As pointed out by knzhou in a comment, this is a point that comes up at the level of QFT on a flat spacetime, before we even start talking about quantum mechanics of curved spacetime. If you look at discussions of quantum gravity that are written for specialists, they do often talk about the problems of time, but they focus on the new problems of time that occur in curved spacetime, not the old ones that occur for QM on a fixed, flat background. A recent paper on this kind of thing is Anderson. See also Smolin pp. 9, 71.

Could it be the starting point of a new approach for quantum gravity? Is there already an approach for quantum gravity where the variable t (for time) is replaced by an operator?
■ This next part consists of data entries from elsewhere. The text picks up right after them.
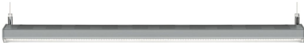
1135 x 279 x 59mm
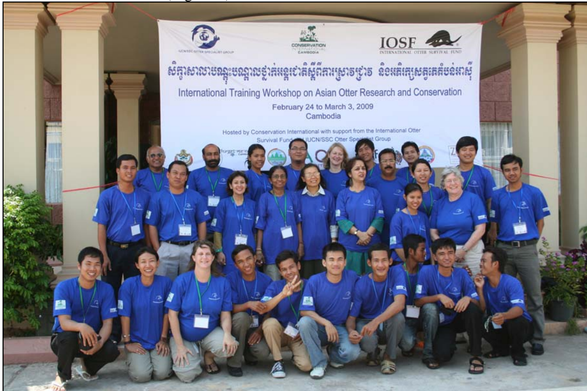
Figure 5: All participants in the workshop

knowledge in Cambodian university students and government staff, as well as international researchers (Figure 5).
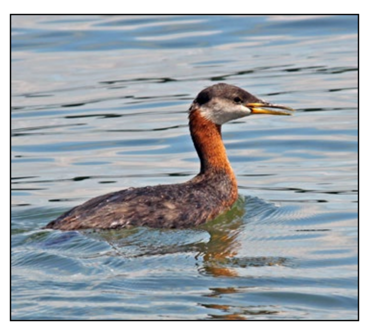
Red-necked Grebe

Spring migration on the lake is a wonderful time, with hordes of waterfowl, gulls, terns, warblers, and shorebirds. This is the best place in Todd County to find migrating geese like Snow and White-fronted and it's hand down the
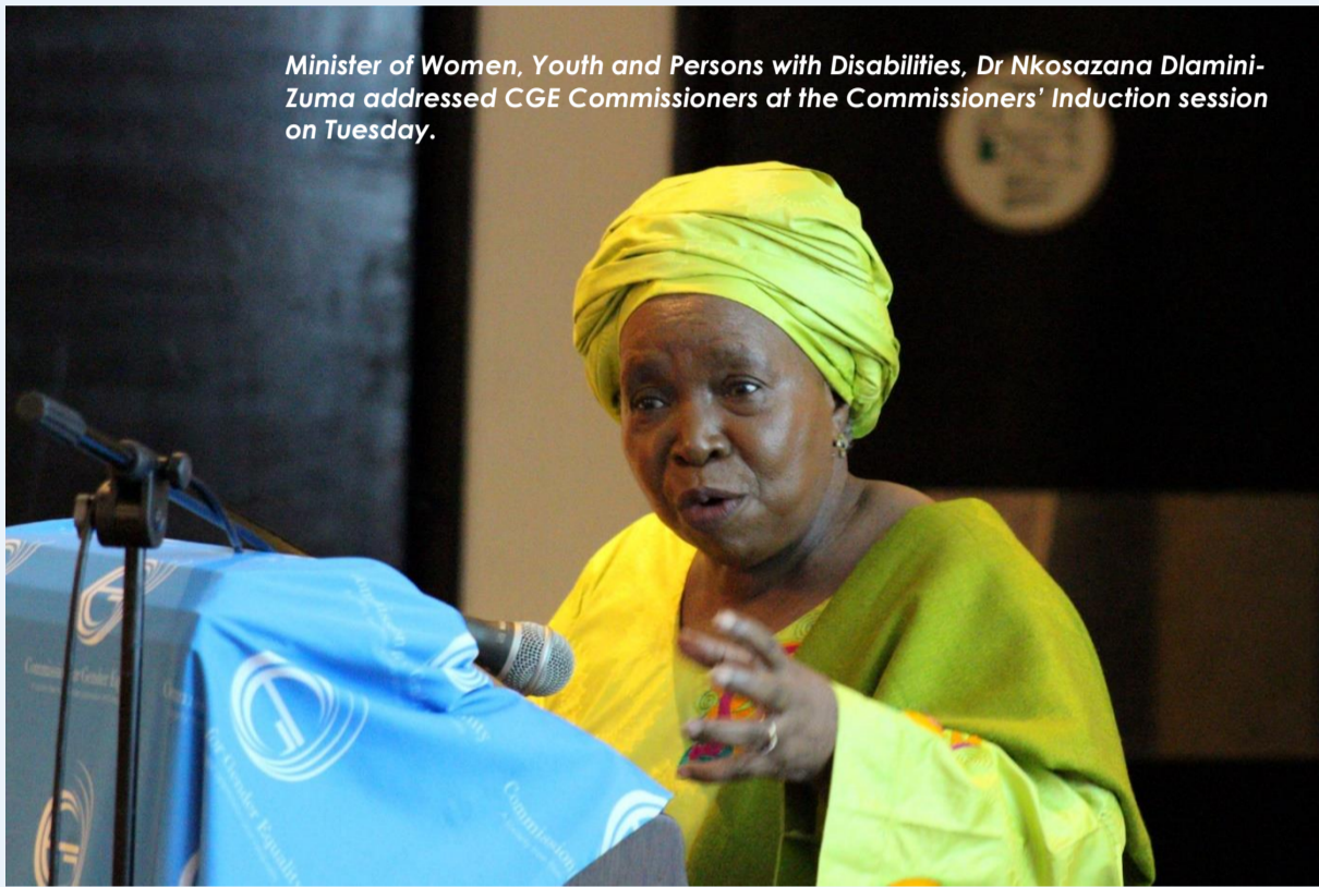
Minister of Women, Youth and Persons with Disabilities, Dr Nkosazana Dlamini-Zuma addressed CGE Commissioners at the Commissioners' Induction session on Tuesday.

The Commission for Gender Equality (CGE) has a critical mandate in the development of South Africa and should receive more support from government and civil society. These were the words of Minister of Women, Youth and Persons with Disabilities, Dr Nkosazana Dlamini-Zuma, who addressed CGE Commissioners at their induction on Tuesday in Rosebank. The Minister further stated that it will be difficult for gender equality to be realised in the country if the work that needs to be done is not allocated enough financial resources. "I am concerned that entities that are meant to ensure gender equality and protect the rights of women are always allocated the least budgets. This tells you a lot about how issues of

It's not a starting point so much as an unsolved problem. We could try to fix the problem by making a theory where time is an operator, but this doesn't seem to work, and the reasons it doesn't seem to work are, as far as we know, fundamental.

At a basic, hand-wavy level:

  • What would a time operator do on a state of zero energy? Such a state has no time-dependence.

  • In general, a time operator acting on an eigenstate of energy would have to be a phase operator, but phase isn't measurable.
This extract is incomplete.